THE PROBLEM :: Copy out the data in full and exactly, passing over the pictures.

DATA SHOWN ::
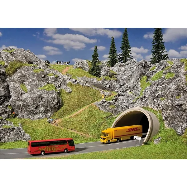 Entrée de tunnel de construction moderne. Utilisable pour trafic ferroviaire sur 2 voies, même avec caténaires, ou pour trafic routier sur 2 voies (Car System). Avec l’élément constituant la galerie de tunnel.
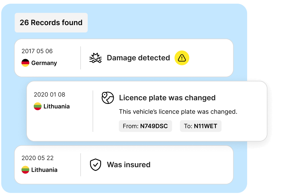 With carVertical’s Damage data, we check over 300 million records to show you exactly where and when it occurred, and what the repairs might cost (if available). If our AI detects damage in recorded photos, that information will also appear in your report, even without an official record.
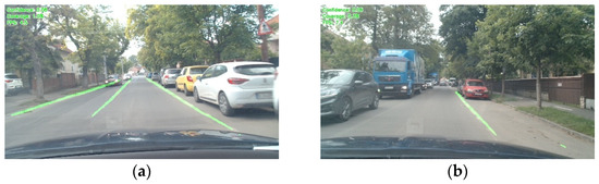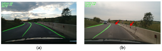 Another important parameter is the F1 score, a parameter that combines two factors, precision and recall (Equation (2)). The precision factor is defined as the fraction of detected lane pixels that are correct, and the recall factor represents the fraction of ground lane pixels that are detected:
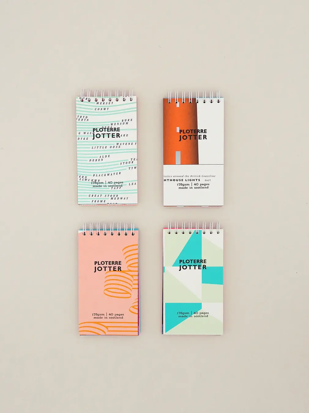 The jotters have 40 pages and each page is a piece of print. The covers have been made from heavier weight paper, overprinted with letterpress type and ring bound.

RESPONSE AREA ::
 Entrée de tunnel de construction moderne. Utilisable pour trafic ferroviaire sur 2 voies, même avec caténaires, ou pour trafic routier sur 2 voies (Car System). Avec l’élément constituant la galerie de tunnel.
 With carVertical’s Damage data, we check over 300 million records to show you exactly where and when it occurred, and what the repairs might cost (if available). If our AI detects damage in recorded photos, that information will also appear in your report, even without an official record.
 Another important parameter is the F1 score, a parameter that combines two factors, precision and recall (Equation (2)). The precision factor is defined as the fraction of detected lane pixels that are correct, and the recall factor represents the fraction of ground lane pixels that are detected:
 The jotters have 40 pages and each page is a piece of print. The covers have been made from heavier weight paper, overprinted with letterpress type and ring bound.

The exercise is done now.